But is it an IQ or an EQ issue? And what can we learn about leadership through it?

To me, it is a matter of both. The drive to do it is an EQ issue and the ham-fisted procedure for doing it is an IQ issue.

In my bestselling book Emotional Judo®: Communication Skills to Handle Difficult Conversations and Boost Emotional Intelligence, I discuss the concept of significance positioning. Significance is a primary need in all relationships. We can position ourselves or be positioned by others in significance in both positive and negative ways.

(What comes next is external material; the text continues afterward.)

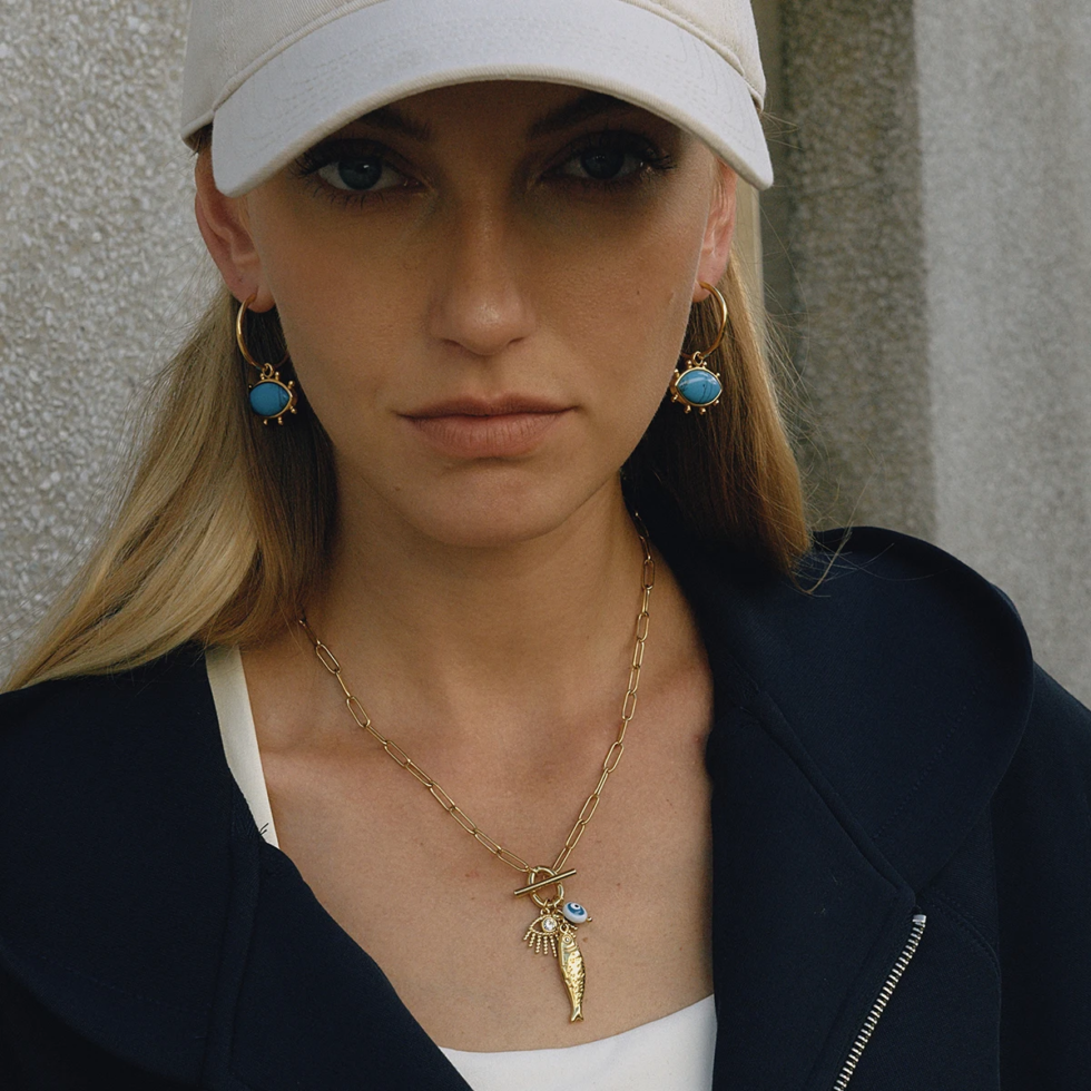 Lucky Blue Turquoise Evil Eye Cuff Earrings – 18K Gold Plated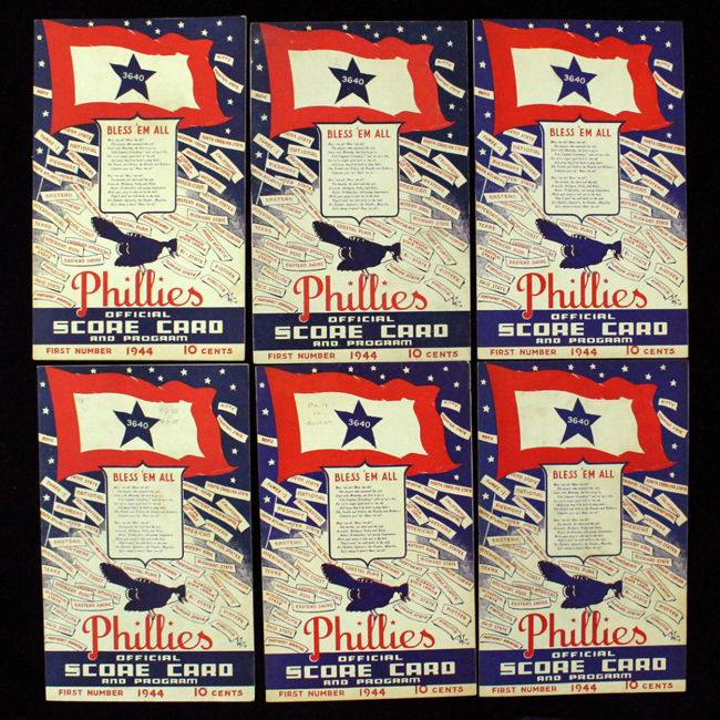 Description:Lot of (6) 1944 Philadelphia Phillies / Blue Jays programs/scorecards (EX-EX/MT). Includes April 30th program from game vs Boston Braves (EX, scored in pencil); May 28th Game 1 program from game vs Pittsburgh Pirates (EX, scored in pencil); May 28th Game 2 program from game vs Pirates (EX, scored in pencil); July 20th program from game vs Pirates (EX/MT, scored in pencil); and (2) July 27th Game 1 programs from game vs St. Louis Cardinals (EX-EX/MT, both scored in pencil). Range: EX-EX/MT

Unless people are aware of this, they will strive for their significance over others and automatically push another person into insignificance or at least, less significance. I argue that in communication, we need to be aware of this and do things to have others feel significant but not at the expense of our own. The result is collaboration, win/win, and mutual respect.

However, this is not the case in competition. The context of competition dictates that there will be a significant player or team and a less significant player or team. This gets further complicated in professional competition or national sporting rivalry, because more significance is attached to an outcome than simply the result of the game. Incomes are affected, careers and family well-being are impacted, and national identity and morale (think US and USSR cold war Olympics – and even today) are at stake. The same is true in the world of business and politics.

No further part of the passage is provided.